Par la suite, les jésuites et les autorités de la colonie ont modifié cette forme de partenariat relativement équilibrée, qui respectait la culture et la gouvernance autochtones. Les missionnaires ont tenté d’imposer une transformation profonde des communautés autochtones. En 1650, après l’échec de la mission jésuite en Huronie, puis de nouveau en 1657, après le nouvel échec de la mission que les jésuites ont brièvement établie au pays des Iroquois, à la faveur de la trêve entre ces deux nations (voir le tome 2 des Aventures de Radisson), Des Groseilliers et Radisson avaient assez d’expérience et connaisaient suffisamment les Premières Nations pour savoir qu’il fallait revenir à la relation d’alliance plus équilibrée du temps de Champlain.

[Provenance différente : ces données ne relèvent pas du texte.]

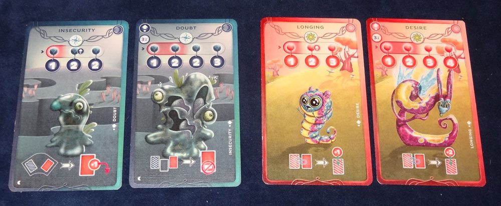 The artwork in the game is colorful and whimsical, with various creatures representing the various emotions like Dignity and Boredom and Jealousy. The game itself is mostly language-independent: there is no text on any of the boards or cards except the names of the emotions, and everything else relies on icons. However, that does mean that you maybe referring to the rulebook a lot when you’re getting started, because not all of the icons seemed very intuitive to me.

Comme le raconte Radisson dans son récit de voyage au lac Supérieur, les deux beaux-frères ont proposé aux Amérindiens une alliance plus réaliste, moins envahissante, qui deviendra la politique officielle de la Nouvelle-France à l’égard des Premières Nations à compter de 1701 (à la faveur de la Grande Paix de Montréal), et ce, jusqu’à la fin du Régime français. Cette politique consistait à favoriser la paix entre les nations amérindiennes en jouant un rôle d’arbitre entre elles, afin de régler leurs conflits à l’amiable, dans la mesure du possible. Si cela était nécessaire, les Français s’engageaient aussi à combattre aux côtés de leurs alliés. Enfin, au cœur de l’alliance, les Français s’engageaient à répondre aux besoins de leurs alliés amérindiens en marchan- dises européennes, comme le ferait un bon père de famille. En échange, les Premières Nations alliées aux Français s’engageaient à les approvisionner en fourrures, à les accueillir parmi elles et à combattre à leurs côtés au besoin.

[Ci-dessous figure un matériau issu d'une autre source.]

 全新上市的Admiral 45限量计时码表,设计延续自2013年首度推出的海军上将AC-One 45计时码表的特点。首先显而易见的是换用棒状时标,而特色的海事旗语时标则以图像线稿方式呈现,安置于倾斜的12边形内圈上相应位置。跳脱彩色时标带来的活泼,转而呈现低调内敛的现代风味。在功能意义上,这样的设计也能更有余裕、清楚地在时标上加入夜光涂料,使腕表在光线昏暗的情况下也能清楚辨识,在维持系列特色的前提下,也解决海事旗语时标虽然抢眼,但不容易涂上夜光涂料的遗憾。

Lors du voyage de 1659-1660, Radisson et Des Groseilliers se sont retrouvés au milieu de milliers d’Amérindiens de nations différentes, dont plusieurs leur étaient inconnues et potentiellement hostiles, dans un territoire inexploré fort éloigné de la Nouvelle-France. À leur manière, ils ont pris l’initiative de proposer un renouvellement de l’alliance franco-amérindienne sur une base plus équitable et plus satisfaisante aux yeux des Amérindiens. Ils savaient que plusieurs d’entre eux étaient déçus des résultats de l’alliance avec les Français, à cause de l’effondrement de la nation huronne et du rapport de force qui favorisait désormais les Iroquois. C’est pourquoi le voyage de 1659-1660, et la redéfinition de l’alliance franco-amérindienne que proposaient Radisson et Des Groseilliers, est un tournant dans l’histoire de la Nouvelle-France. L’alliance franco-amérindienne s’en trouvera renforcée et son maintien à long terme, favorisé.

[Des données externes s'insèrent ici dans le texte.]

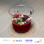 Salmorejo de remolacha con manzana verde, queso de cabra y furikake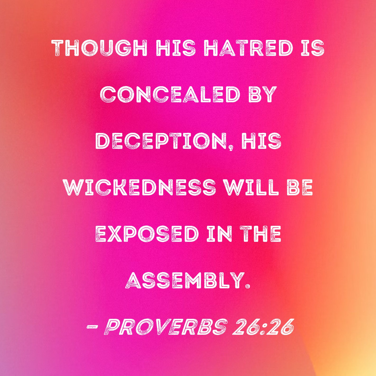 Proverbs 26:26 Though his hatred is concealed by deception, his wickedness will be exposed in the assembly.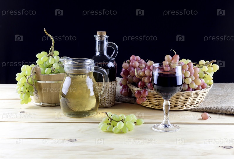 Зеленый и розовый виноград и вино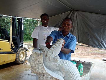 Six of these crocodiles will be placed on the temple roof (three on each side). Their purpose is to channel rainwater from the rooftop which will drop into reflecting-pool granite containers below.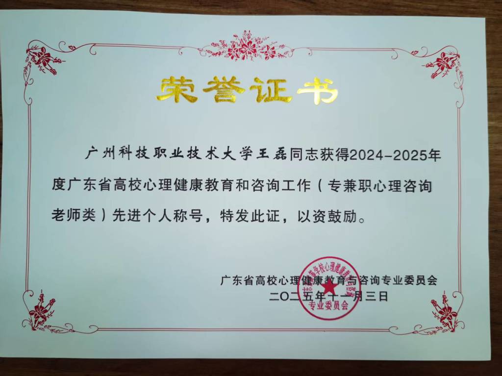 教师王磊、胡燕京因在心理健康教育、心理咨询与危机干预等一线工作中的出色表现,双双获评 “广东省高校心理健康教育与咨询工作先进个人”。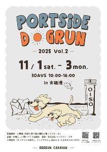 大磯港でドッグランを開催!海水浴場発祥の地である大磯町で、のんびり流れる時間をワンちゃんと過ごしてみては?事故防止のため、小型犬・中型犬・大型犬エリアの全3区画を用意。マルシェ(2日(日曜日)・3日(月曜日・祝日)のみ)やキッチンカーの出店もあり。11月2日(日曜日)・3日(月曜日・祝日)は、大磯らしい魅力あふれる産品「めいどいんおおいそ」の販売も予定。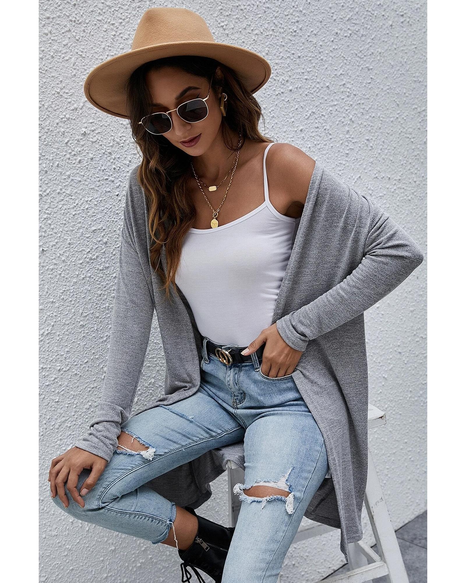 This high-rise solid color open front lightweight cardigan offers a versatile and stylish layering option suitable for various seasons. Designed with a trendy fitted look, it combines comfort and ease of wear, making it a great addition to any wardrobe.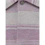 Polo Canali striped grey and purple short sleeve V-neck one button piquet cotton fabric

Dans les décennies suivantes, plusieurs autres personnages historiques vont alimenter le partenariat entre les Français et les Premières Nations. Un partenariat qui, bien qu’imparfait, s’avérera plus durable et plus équilibré que partout ailleurs dans les deux Amériques. Le rôle historique de Radisson et Des Groseilliers n’en demeure pas moins crucial, car il intervient à une période critique, et qu’il a l’avantage d’être bien documenté, grâce aux écrits de Radisson qui éclairent un pan généralement obscur de notre histoire.

Le rôle de ces deux aventuriers ne se limite donc pas à un important apport économique. Ils ont aussi apporté une contribution diplomatique significative en revalorisant l’image des Français auprès des Premières Nations, en consolidant l’alliance qui existait et en étendant l’influence française à de nouvelles nations et à de nouveaux territoires. Ils ont utilisé au maximum leur aura d’êtres extraordinaires venus d’un autre monde auprès des nations qui n’avaient jamais rencontré d’hommes blancs, tout en faisant preuve de qualités très appréciées des Amérindiens, comme l’endurance, le courage, l’éloquence, le talent de chasseur, celui de guerrier, et la capacité à s’exprimer dans leurs langues et de se conformer à plusieurs de leurs coutumes.

C’est ainsi que, par leur audace, leur clairvoyance, leur force physique et la force de leur caractère, Radisson et Des Groseilliers ont servi les intérêts de la Nouvelle-France et des Premières Nations qui s’étaient alliées aux Français. Leurs exploits témoignent de la réalité spécifique de la petite colo- nie française établie sur les rives du Saint-Laurent, au 17e siècle, dont l’existence dépendait du main- tien d’étroites relations avec les Amérindiens.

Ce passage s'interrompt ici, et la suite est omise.